In the spark streaming coffee terminal you should see the following
-------------------------------------------
Batch: 0
-------------------------------------------
+-------+------+
| name|rating|
+-------+------+
|folgers| 1.0|
+-------+------+
-------------------------------------------
Batch: 1
-------------------------------------------
+-------+------+
| name|rating|
+-------+------+
|folgers| 1.5|
+-------+------+
-------------------------------------------
Batch: 2
-------------------------------------------
+-------+------------------+
| name| rating|
+-------+------------------+
|folgers|2.6666666666666665|
+-------+------------------+
cd data/winereviews && unzip winemag-csv.zip && unzip winemag-json.zip
spark-shell -i part2/wine/hello-wine.scala
spark-shell -i part2/wine/wine_reviews.scala
spark-shell -i part2/wine/wine_reviews_json.scala
Generating Tasting Notes from Wine can be easy with a little trial and error
def tastingNotes(df: DataFrame): String = {
val fpg = new FPGrowth().setItemsCol("items").setMinSupport(0.05).setMinConfidence(0.6)
val remover = new StopWordsRemover().setInputCol("items").setOutputCol("filteredItems")
// Cleaning up the Wine Descriptions
val descriptions = df.select(col("description")).where(col("description").isNotNull).map { case Row(s:String) => s.replace(",","").replace(".","").split(" ").toSet.toSeq }.toDF("items")
// remove StopWords
val filteredDescriptions = remover.transform(descriptions)

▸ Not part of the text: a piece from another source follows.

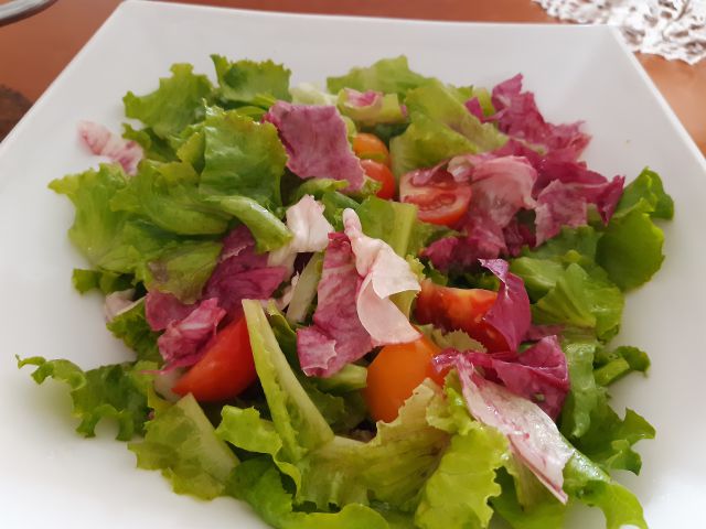 Midva sva danes jedla pečeno postrv, pire krompir, mešano solato, pivo in kavo. ![]()

val stopWordsFiltered = filteredDescriptions.select("filteredItems").toDF("items")
val model = fpg.fit(stopWordsFiltered)
val freqItems = model.freqItemsets.sort(desc("freq"))
val notes = freqItems.select("items").where(col("freq")>400)
val topWords = notes.flatMap { case Row(notes: Seq[String]) => notes }.groupBy("value").count().sort(desc("count"))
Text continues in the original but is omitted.